_Entries supplied_.
Segment Open

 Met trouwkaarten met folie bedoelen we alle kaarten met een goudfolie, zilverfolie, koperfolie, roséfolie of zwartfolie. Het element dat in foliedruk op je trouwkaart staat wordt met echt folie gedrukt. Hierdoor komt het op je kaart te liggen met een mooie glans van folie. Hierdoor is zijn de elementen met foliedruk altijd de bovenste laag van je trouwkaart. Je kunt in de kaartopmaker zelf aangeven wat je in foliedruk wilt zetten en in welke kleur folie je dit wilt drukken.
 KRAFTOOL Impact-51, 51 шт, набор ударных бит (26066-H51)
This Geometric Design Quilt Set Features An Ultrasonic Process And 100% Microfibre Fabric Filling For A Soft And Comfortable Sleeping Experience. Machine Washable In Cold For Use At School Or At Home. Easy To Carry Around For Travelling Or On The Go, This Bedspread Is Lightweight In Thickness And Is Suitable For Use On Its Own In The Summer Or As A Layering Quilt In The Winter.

Segment Closed
Segment Open

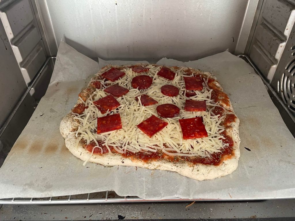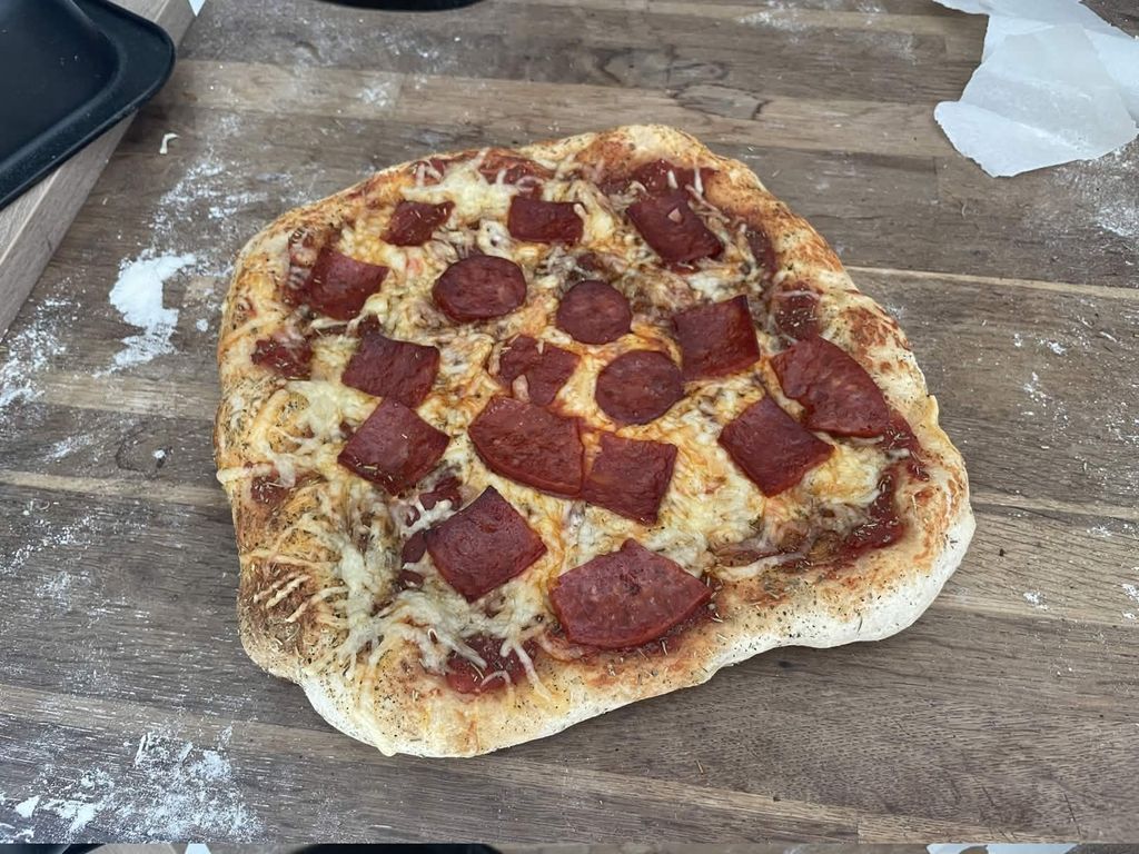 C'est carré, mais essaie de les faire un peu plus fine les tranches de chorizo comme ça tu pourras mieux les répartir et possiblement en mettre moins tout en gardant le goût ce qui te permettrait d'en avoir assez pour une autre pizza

Segment Closed
Segment Open

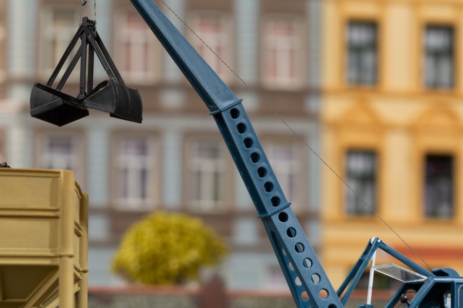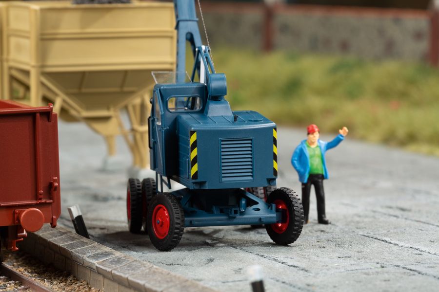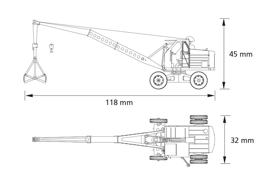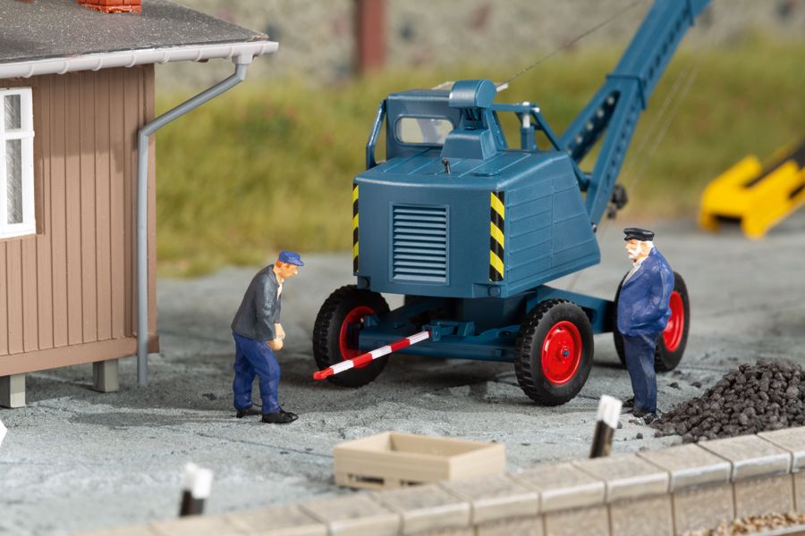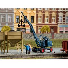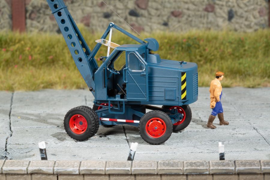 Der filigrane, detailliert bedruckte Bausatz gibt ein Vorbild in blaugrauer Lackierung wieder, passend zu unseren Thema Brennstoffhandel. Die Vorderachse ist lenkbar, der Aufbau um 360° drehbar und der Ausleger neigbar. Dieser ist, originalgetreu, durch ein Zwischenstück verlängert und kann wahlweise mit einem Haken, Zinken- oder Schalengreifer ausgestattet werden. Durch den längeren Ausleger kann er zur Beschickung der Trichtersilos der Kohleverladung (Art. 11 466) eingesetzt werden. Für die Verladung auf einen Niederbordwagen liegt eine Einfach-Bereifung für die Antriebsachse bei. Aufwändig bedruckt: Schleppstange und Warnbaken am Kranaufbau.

Segment Closed

_What you are asked to do_.
Your answer should be the exact lines above from the one with "Met trouwkaarten met" through the one with "This Geometric Design", both included, and nothing besides.

_Exercise result_.
 Met trouwkaarten met folie bedoelen we alle kaarten met een goudfolie, zilverfolie, koperfolie, roséfolie of zwartfolie. Het element dat in foliedruk op je trouwkaart staat wordt met echt folie gedrukt. Hierdoor komt het op je kaart te liggen met een mooie glans van folie. Hierdoor is zijn de elementen met foliedruk altijd de bovenste laag van je trouwkaart. Je kunt in de kaartopmaker zelf aangeven wat je in foliedruk wilt zetten en in welke kleur folie je dit wilt drukken.
 KRAFTOOL Impact-51, 51 шт, набор ударных бит (26066-H51)
This Geometric Design Quilt Set Features An Ultrasonic Process And 100% Microfibre Fabric Filling For A Soft And Comfortable Sleeping Experience. Machine Washable In Cold For Use At School Or At Home. Easy To Carry Around For Travelling Or On The Go, This Bedspread Is Lightweight In Thickness And Is Suitable For Use On Its Own In The Summer Or As A Layering Quilt In The Winter.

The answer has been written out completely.